## How to complete this task
All entries must be repeated exactly. No picture should appear in the result.

## The records
^^^^
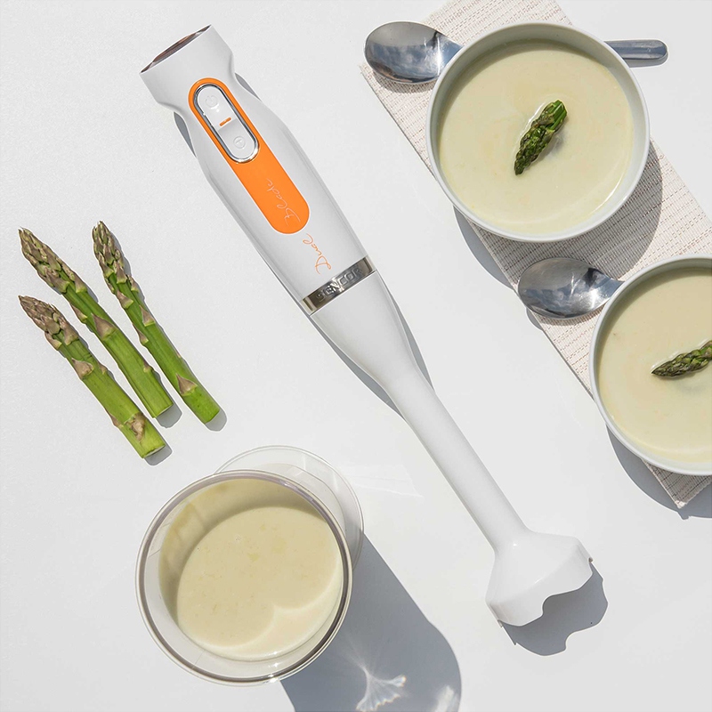 Blenderul Sencor SHB 4260WH-EUE3 vă poate ajuta să pregătiţi rapid supe cremă, sosuri şi alimente pentru copii. Motorul de 600 W are 2 viteze. Iar lamele de tocat din otel inoxidabil aproape nu cunosc obstacole. Mânerul cu design ergonomic asigură o prindere sigură şi confortabilă. Pe lângă paharul de amestecare de 700 ml, există şi un recipient de 500 ml, care este excelent pentru tocat, precum şi un tel de metal.
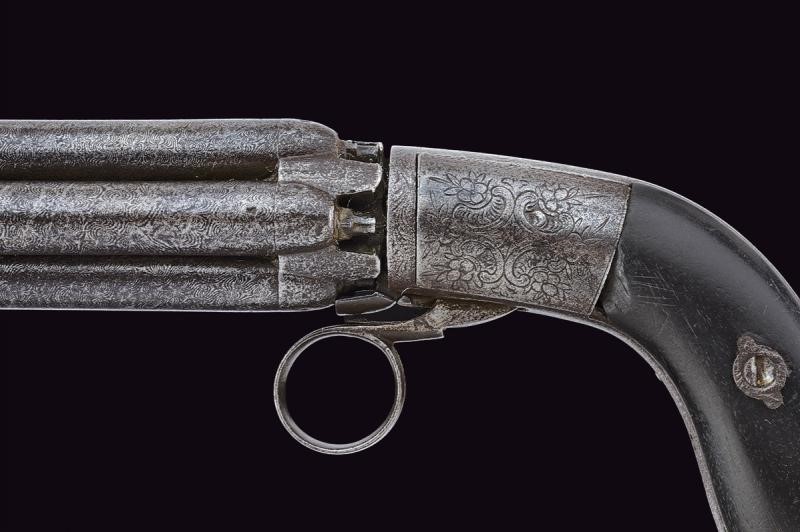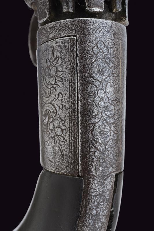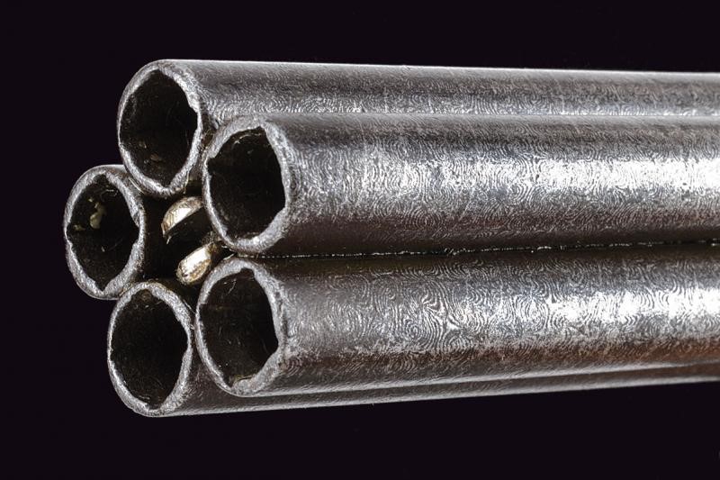 Cylindrical, smoothbore, turn-off, 9 mm cal. barrels made of damask (pitting inside). Rolling block with pistons in line with the barrels, remains of numbering. Rolling block with mechanism which needs revision. Cylindrical frame with remains of engraved floral motifs. Ring trigger and firing pin on the lower side, working. Remains of Mariette marking on the central grip band. Pitting on iron parts and signs of time. Ebony grip scales.
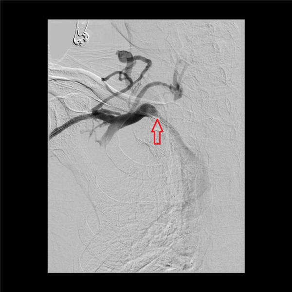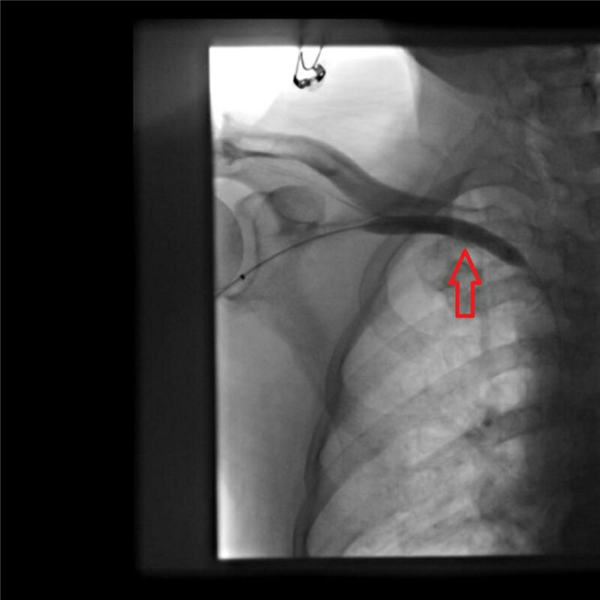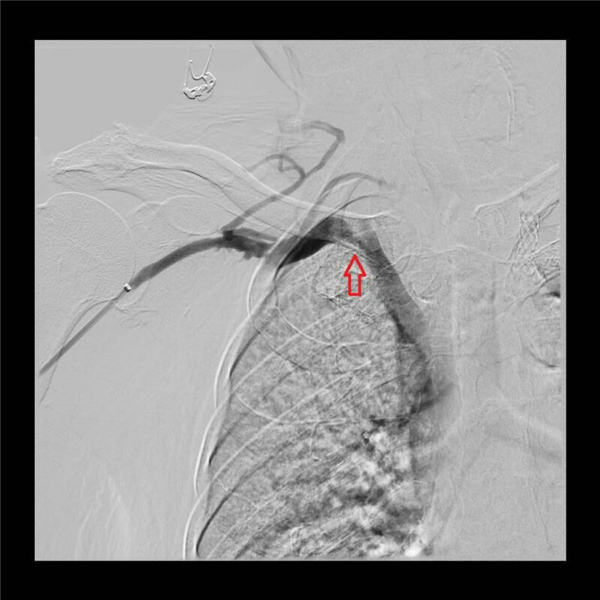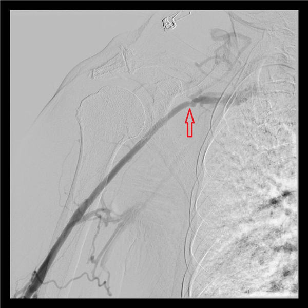 陈力强和赵庆和两位主任经过精心研讨方案,首先通过血管造影,发现右上肢动静脉瘘到上腔静脉共有三处血管明显狭窄(下图红色箭头所示),特别是右锁骨下静脉汇入上腔静脉处更明显,此处血管狭窄造成透析时血液回流障碍、右肩局部血管压力增高,由此引发右肩疼痛。
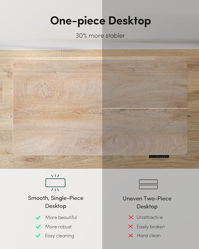 • Simplified Assembly: The Fezibo electric sit-stand desk includes detailed instructions for streamlined installation. One-piece desktop requires less steps than joined desktops to save time and effort. Please contact our support team if you have questions about assembly or product selection.
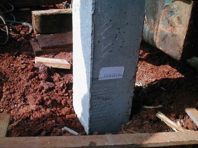 | - Tirando a "nega" em uma estaca pré-moldada. Abaixo, detalhe da medição da nega. | ||
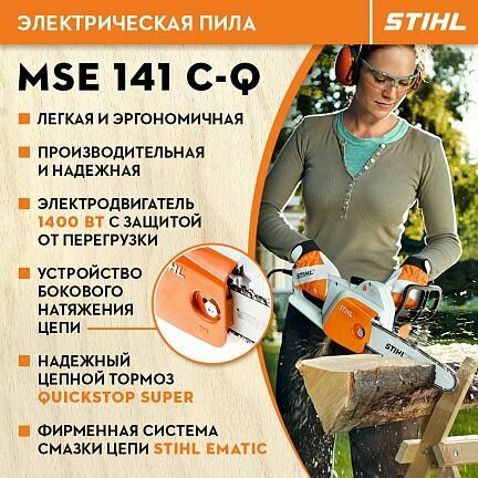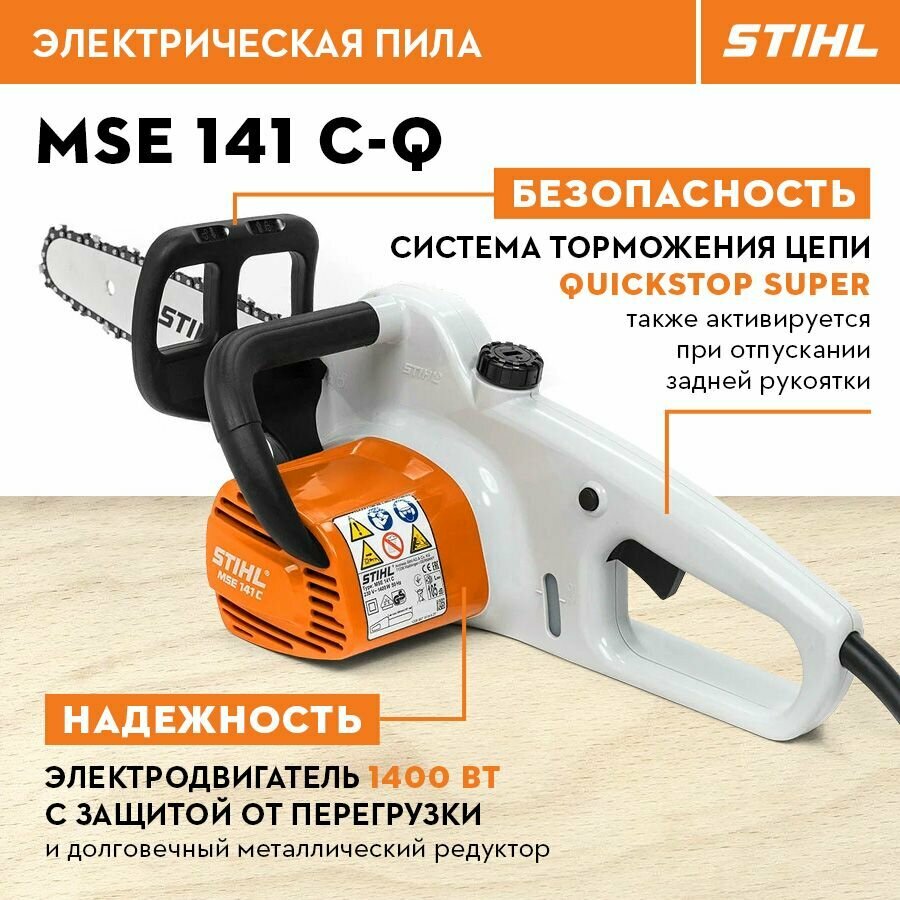Электропила цепная электрическая штиль STIHL оригинал MSE 141 C-Q шина R 35 см/14" цепь 61 PMM3 интересное:
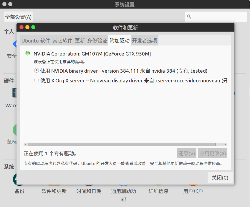 最简单的安装方式是直接在“系统设置->软件和更新->附加驱动”中安装
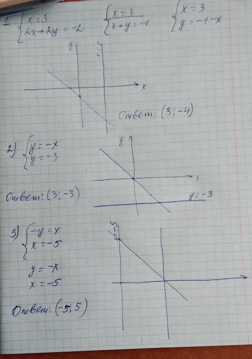 1)реши графически систему линейных уравнений x=3, 2x+2y= -2
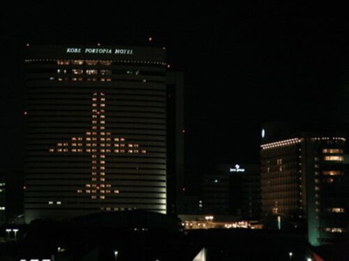 神戸空港の開港まであと4日。島のホテルには飛行機型の模様も現れて歓迎ムード。 この飛行機、照明の仕方も凝っている。機首の作りに注目。 宿泊客は夜は窓を開けられないのだろうか? 空港建設に際しては賛否両論あって本当にこんなに早く完成するとは思い…
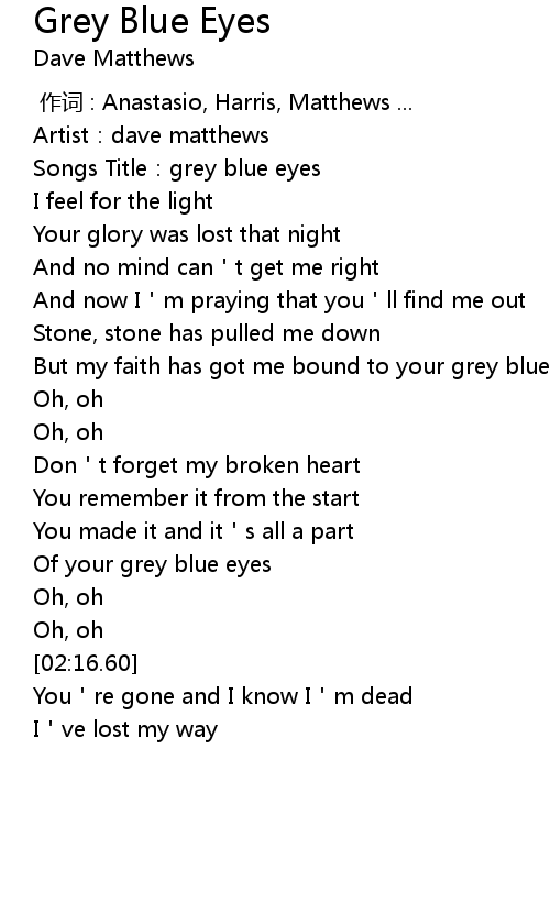 | [01:07.44] | But my faith has got me bound to your grey blue eyes |
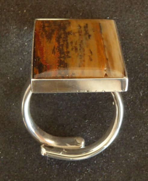 Fingerring med et stort stykke forstenet træ. Stenen måler 30 mm * 17mm. Ringen er åben, og kan tilpasses op til omkring 60 mm. Den er skåret af samme råsten som ørestikkerne nr. 288 og halsvedhænget nr. 286.
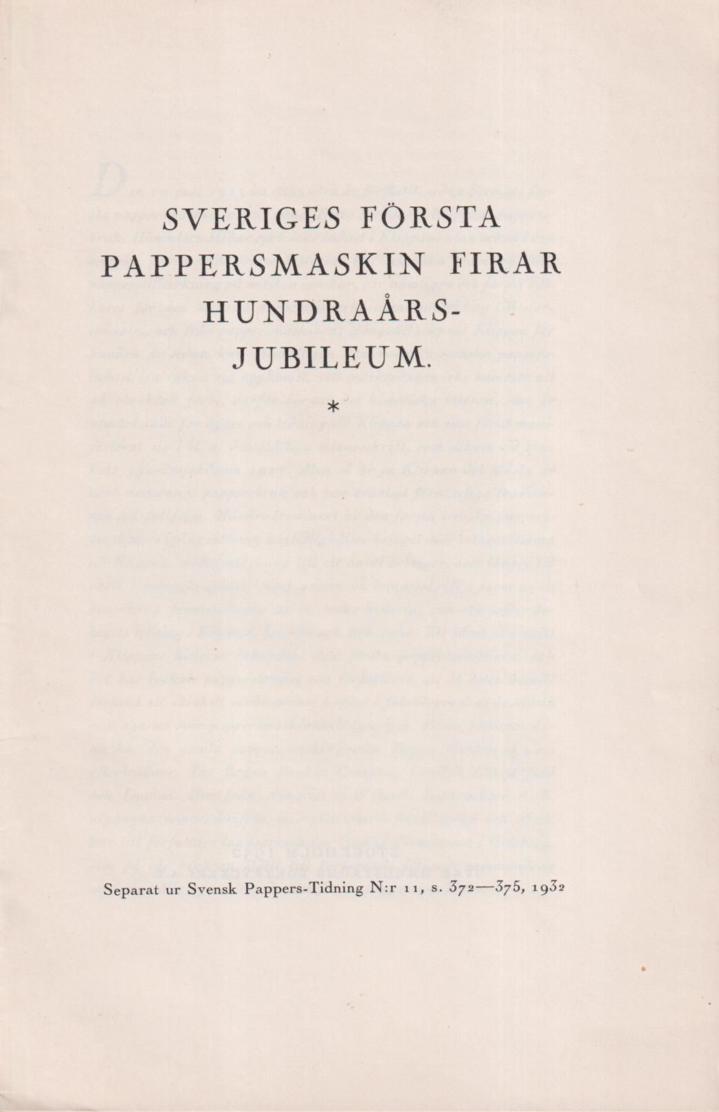 Separat ur ‘Svensk Pappers-Tidning N:r 11, s. 372-375, 1932’.
^^^^
## Completed task
 Blenderul Sencor SHB 4260WH-EUE3 vă poate ajuta să pregătiţi rapid supe cremă, sosuri şi alimente pentru copii. Motorul de 600 W are 2 viteze. Iar lamele de tocat din otel inoxidabil aproape nu cunosc obstacole. Mânerul cu design ergonomic asigură o prindere sigură şi confortabilă. Pe lângă paharul de amestecare de 700 ml, există şi un recipient de 500 ml, care este excelent pentru tocat, precum şi un tel de metal.
 Cylindrical, smoothbore, turn-off, 9 mm cal. barrels made of damask (pitting inside). Rolling block with pistons in line with the barrels, remains of numbering. Rolling block with mechanism which needs revision. Cylindrical frame with remains of engraved floral motifs. Ring trigger and firing pin on the lower side, working. Remains of Mariette marking on the central grip band. Pitting on iron parts and signs of time. Ebony grip scales.
 陈力强和赵庆和两位主任经过精心研讨方案,首先通过血管造影,发现右上肢动静脉瘘到上腔静脉共有三处血管明显狭窄(下图红色箭头所示),特别是右锁骨下静脉汇入上腔静脉处更明显,此处血管狭窄造成透析时血液回流障碍、右肩局部血管压力增高,由此引发右肩疼痛。
 • Simplified Assembly: The Fezibo electric sit-stand desk includes detailed instructions for streamlined installation. One-piece desktop requires less steps than joined desktops to save time and effort. Please contact our support team if you have questions about assembly or product selection.
 | - Tirando a "nega" em uma estaca pré-moldada. Abaixo, detalhe da medição da nega. | ||
Электропила цепная электрическая штиль STIHL оригинал MSE 141 C-Q шина R 35 см/14" цепь 61 PMM3 интересное:
 最简单的安装方式是直接在“系统设置->软件和更新->附加驱动”中安装
 1)реши графически систему линейных уравнений x=3, 2x+2y= -2
 神戸空港の開港まであと4日。島のホテルには飛行機型の模様も現れて歓迎ムード。 この飛行機、照明の仕方も凝っている。機首の作りに注目。 宿泊客は夜は窓を開けられないのだろうか? 空港建設に際しては賛否両論あって本当にこんなに早く完成するとは思い…
 | [01:07.44] | But my faith has got me bound to your grey blue eyes |
 Fingerring med et stort stykke forstenet træ. Stenen måler 30 mm * 17mm. Ringen er åben, og kan tilpasses op til omkring 60 mm. Den er skåret af samme råsten som ørestikkerne nr. 288 og halsvedhænget nr. 286.
 Separat ur ‘Svensk Pappers-Tidning N:r 11, s. 372-375, 1932’.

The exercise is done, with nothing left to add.